Example: ElectraIC EAVS applied to the cv32e40p core

The cited EAVS study applied a wide range of randomly generated tests to the cv32e40p RISC-V core and ran the same tests on Spike. After converting the resulting logs to CSV and comparing them, the authors report that each random test produced by EAVS-DV successfully executed on the cv32e40p core.

The same study notes that Spike's log file shows memory contents only for load instructions, so EAVS compares both data and addresses for loads but only addresses for stores.

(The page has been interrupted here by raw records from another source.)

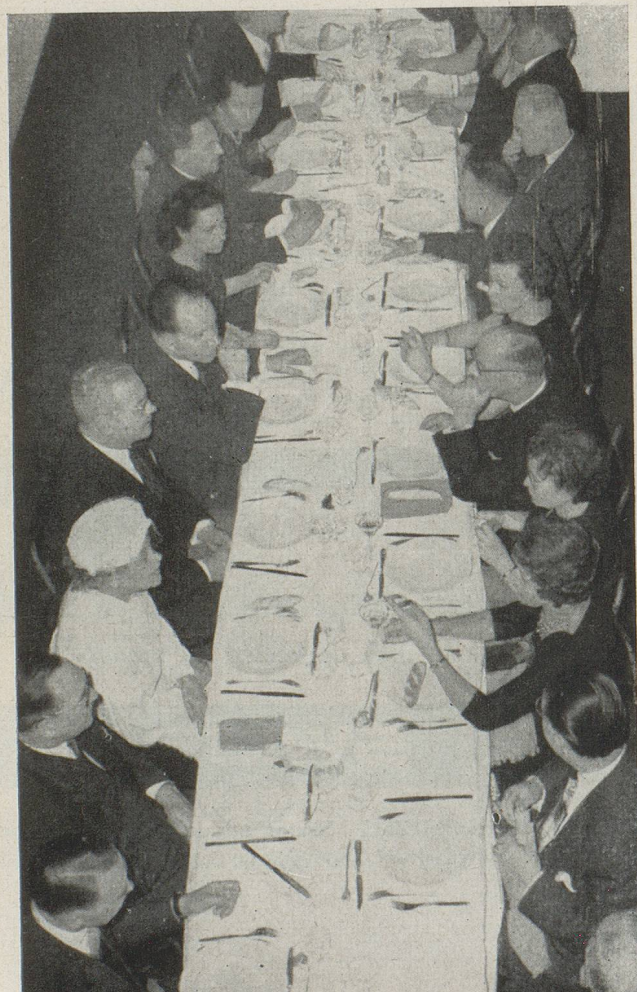
Table de gauche

C E R C L E C O M M E R C I A L S U I S S E
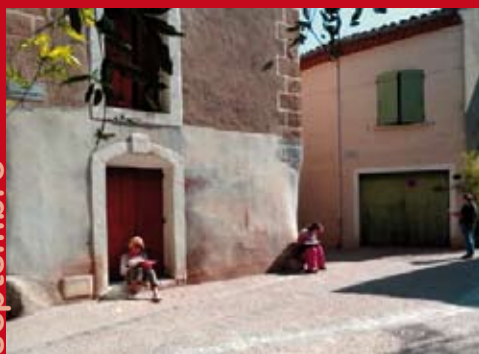
Atelier pendant les Journées du Patrimoine
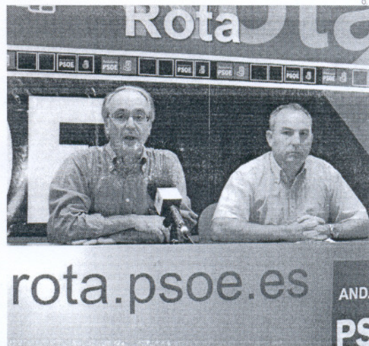
El Partido Socialista roteño pide cuentas sobre las deudas municipales.
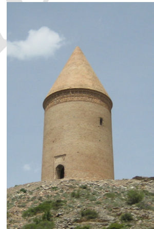
تصویر ۷: میل رادکان غربی (۴۱۱-۴۰۷ ق) (wikipedia.org)
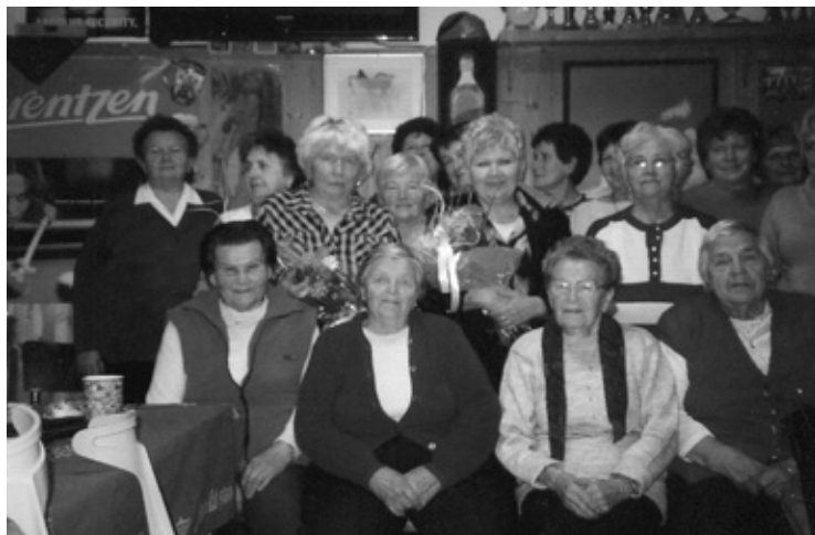
▲ Setkání spolužáků v základní škole po šedesáti letech.
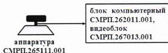
Рисунок 1 - Схема для проведения измерений при проверке работоспособности и определения погрешности определения координат местоположения

8.2.1 Собрать схему в соответствии с рисунком 1.
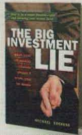
MICHAEL EDESESS BERRET-K PÁGS. 312
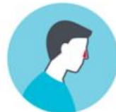
PÉRDIDA DEL SENTIDO DEL OLFATO
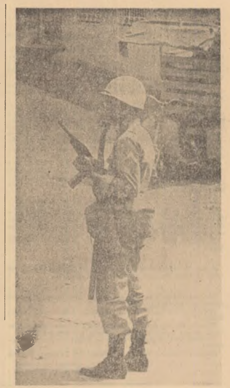
REPUBLICA DOMINICANĂ: Pe străzile capitalei, Santo Domingo trupele supraveghează circulația

Au început să funcționeze tribunalele militare care, o dată cu introducerea stării excepționale, au înlocuit tribunalele civile. La închisorile din Leopoldville și din împrejurimile orașului, unde sînt deținuți patrioți congolezi, a fost îndesrit regimul de detențiune.
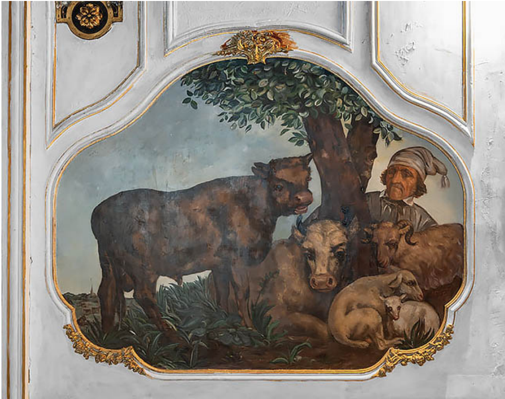
Paysan gardant son troupeau.
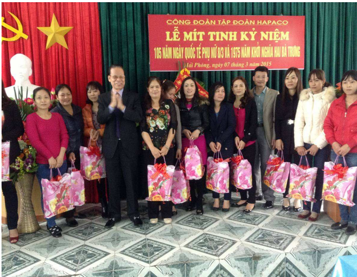
TRAO THƯỞNG PHỤ NỮ TIÊN TIÊN XUẤT SẮC NHÂN NGÀY 08/03.
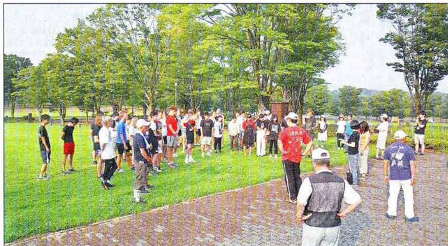
Radiogymnastik war täglich während des Jugendlagers bereits um 6.30 Uhr angesagt
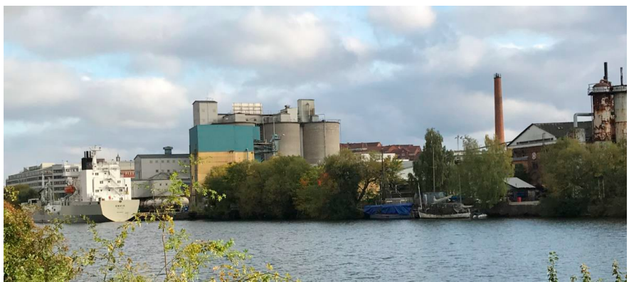
Del av planområdet sett från Hornstull.

Planområdet är lokaliserat i stadsdelen Liljeholmen och omfattar cirka 72 000 kvm. Området avgränsas av Liljeholmsviken i norr, Lövholmsvägen i söder, stadsdelen Gröndal i väster och Trekantsvägen i öster.
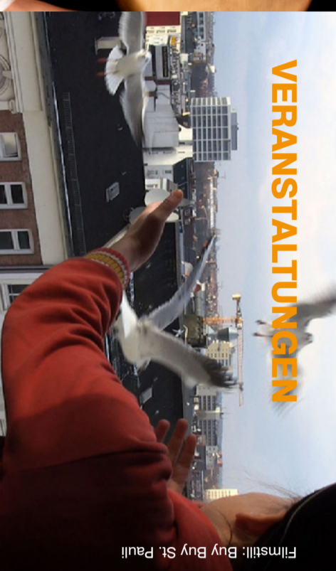
Filmstill: Buy Buy St. Pauli
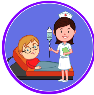
Gambar 1 Keperawatan (Nursing)

Apabila kita membicarakan keperawatan atau nursing serta perawat atau nurse maka mau tidak mau akan berkaitan dengan sistem pelayanan keperawatan secara khusus, dan sistem pelayanan kesehatan pada umumnya.
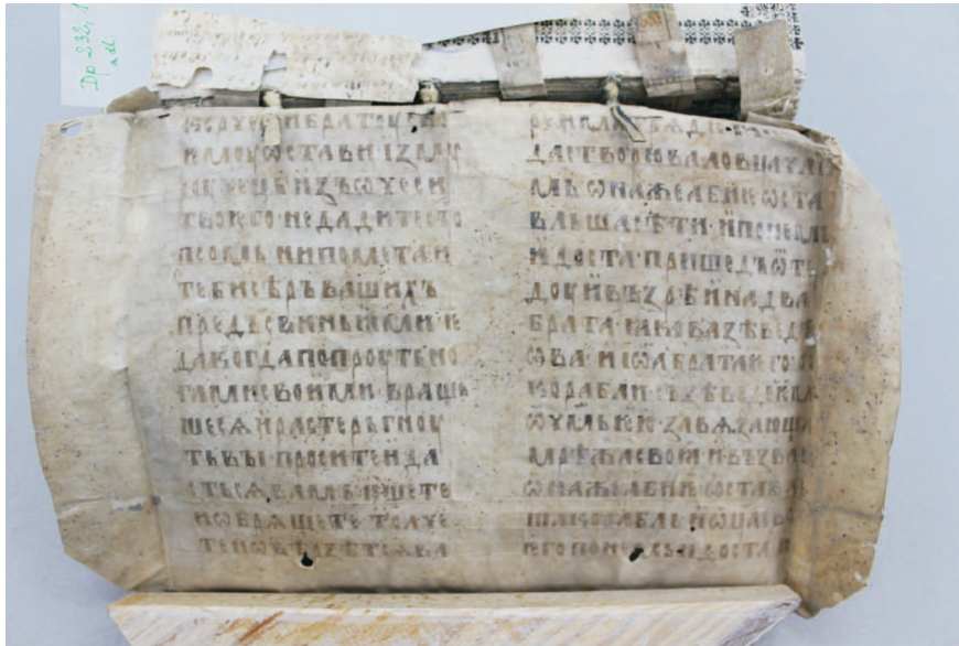
II. 1. Fragmenty Ewangelii Mateusza (7.4-7.7 i 4.19-4.22) z Ewangeliarza aprakos [XIV w.], pergamin użyty do oprawy klocka introligatorskiego [XVII w.]
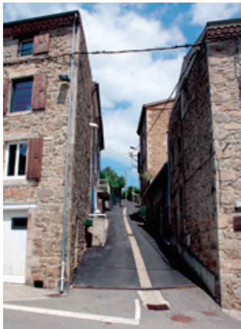
Goudronnage rue du Plateau Marchand.

– La rue du Mas a revêtu un nouveau tapis de 65 tonnes d'enrobé et surtout un embellissement important avec la réalisation de l'enfouissement des réseaux secs (EDF, France-Télécom) et la disparition des anciens poteaux. Le chantier a représenté une somme de 151 423 € dont 36 365 € à la charge de la commune.
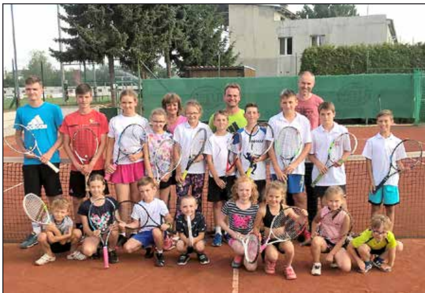
Tenisová družstva na společném setkání 15. 6. 2018
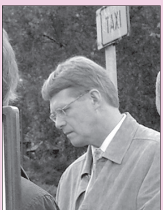
Matti Vanhanen vastustaa kansanäänestystä.
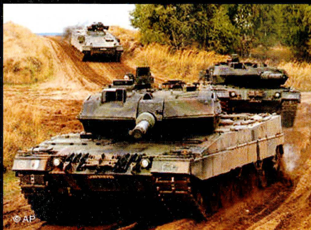
Une centaine de Leopard 2 A5/A6 équipent désormais les bataillons de chars de la Bundeswehr.

The mode field in the RVFI Agent log corresponds to the privilege level at which the program is running (the M column in RVFI; lines labelled with 3 in Spike's log).

The cited work also documents a set of known issues with the cv32e40p tracer that led the authors to disable it: srai is improperly decoded; compressed instructions are logged with the binary format of their uncompressed counterparts; lui and auipc append three zeros to the LSB of their immediate values, causing operand-comparison errors; and pseudo-instructions are decoded in their normal form rather than Spike's convention.

Connections

• EAVS-DV is a tool that implements random instruction generation as part of the ElectraIC Advanced Verification Suite, layered on top of COREV-DV and Google riscv-dv.
• Instruction Set Generator (ISG) is the underlying concept: a component that produces an assembly file whose instructions are randomly generated under scenario constraints. Random instruction generation is the specific mode of operation of an ISG.